Володя ждал. Яичко не катило. Курица не неслась. Земля крутилась. А он грезил теплым подарком под замызганной скорлупой и терзался: “Они забыли! Они вспомнят, конечно”.
Отца призвали на войну. Мужиков туда же.
Отец с войны не вернулся. Сошелся на фронте с медсестренкой и уехал в Ташкент. Мать, снарядясь, на помеле ли, поездами, вылетела в другой конец вселенной, в пески, вторглась в домик-пахлаву с леденцовыми изразцами. Развод. Подзагоревшая, озадаченно грызя песчинки, вернулась. Случился сбой, и все пошло по второму кругу. Она взгромоздилась на метлу, снова — пески, тюбетейки, беглый муж залез в подпол, был выужен за волосы. И в этот миг в русскую колдовскую круговерть — раскосым визгом ворвалась сияющая узбечка, колотя череп, раздирая носик, схватив помело соперницы, угрожая, что изломает.

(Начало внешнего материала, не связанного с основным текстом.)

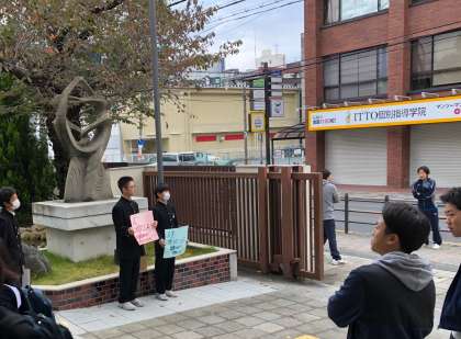 今朝は、職場体験のため2年生は直接事業所に向かう人もいます。
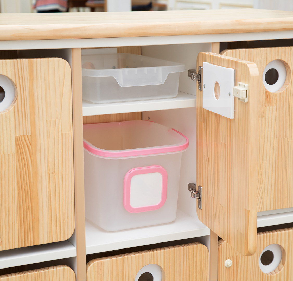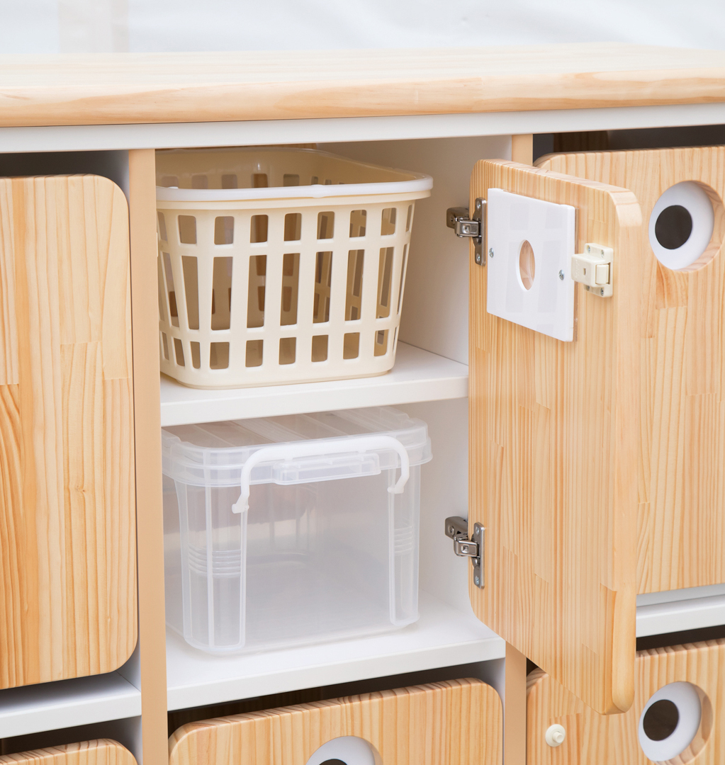 両側から物の出し入れができる、扉付きのロッカーです。6人分のおむつや衣類のストック収納に便利です。
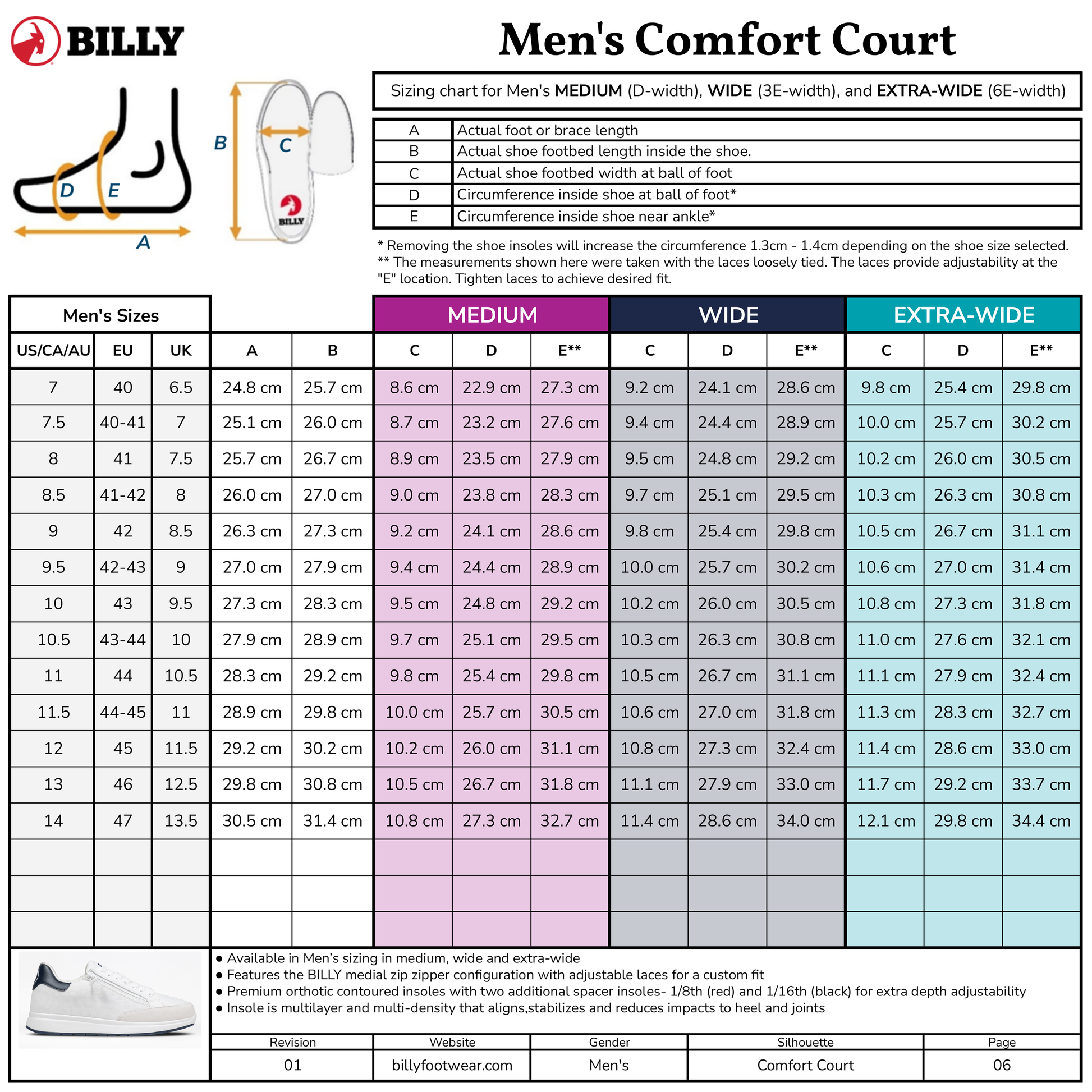 All BILLY Sizing Charts: Click here to see our complete collection of sizing charts for Women's, Men's, Kid's and Toddler sizing.
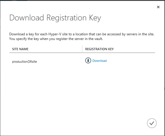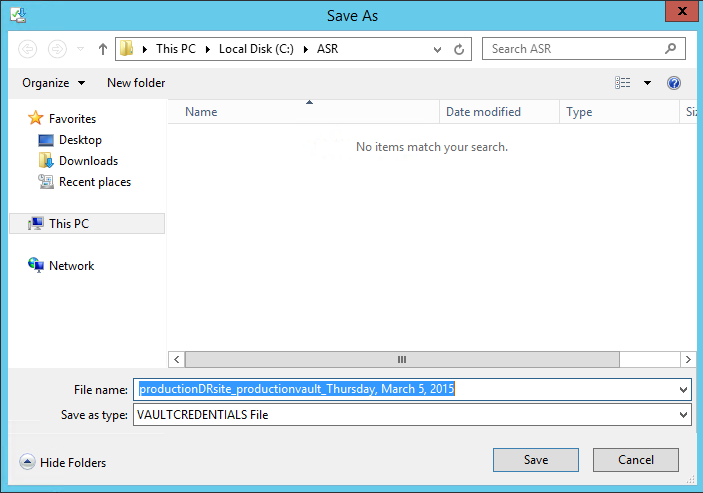 This would pop up a window displaying the site name along with download link. Click on download link and download the vault credential file and save it on file system i.e. “C:\ASR” folder location.
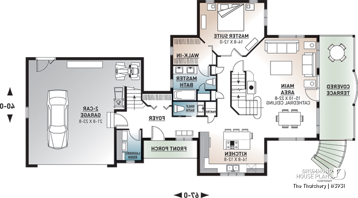 The addition of the double garage bulk to original plan 2939 (which can be viewed on the internet site drummonddesigns.com) thereby adds square footage for the addition of a comfortable entrance foyer, an independent laundry area, a master bedroom suite with private bathroom and large closet, a more than enviable living room/dining room and a kitchen with central island and remarquable lunch counter.
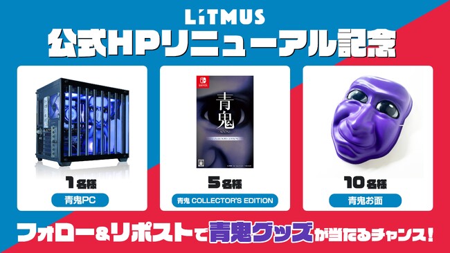 ホラーゲーム『青鬼』シリーズや非対称型アクションゲーム『脱獄ごっこPRO』など多様なゲームコンテンツを企画・開発・運営するLiTMUS株式会社(本社:東京都港区、代表取締役社長:桑村 崇一郎、以下「LiTMUS」)は、6月20日、コーポレートサイトを全面リニューアルしましたことをお知らせします。 リニューアルを記念して『青鬼』のゲーミングPCやNintendo Switch(TM)パッケージ版『青鬼 COLLECTOR’S EDITION』などの「青鬼グッズ」が抽選で合計16名様に当たるキャンペーンを実施します。LiTMUSは、今後も「やって楽しい みて楽しい」ゲームを制作してまいります。この機会にぜひ、新しいコーポレートサイトをご覧ください。

Слабеющая, распустив нюни, мать облегченно опустилась с небес в избу.
Замесила тесто. Стала печь пироги.
Володя часами заточался в сельской библиотеке, где ломал ясные глаза. Получал он одни “отлично”, задания лузгая. Начал благоговейно поэму про далекого человека:
Уж звезды погасли в Кремле,
А Сталин не спит,
Сталин работает.
Его голова полнится
О нами заботами…
Армия, точно туча, проплыла насквозь. Железобетонный Свердловск. Универ, журфак. Гуманитарный Гольфстрим обуял, понес в открытые дали, обжигая дерзновением. Владимир легко взял норвежский — поспорив на бутылку, выучил дня за три томик словаря. Как нож в масло, вонзился в студенческие дымные застолья. “Все, что не ложь, — уже поэзия”, — угрюмо проповедовал он цитатами из озерного поэта.
— Так ты лжец! — И махом перевернул стол с бедной трапезой, в осколках был бит, неделю ходил перемотанный, но взглядывая с превосходством.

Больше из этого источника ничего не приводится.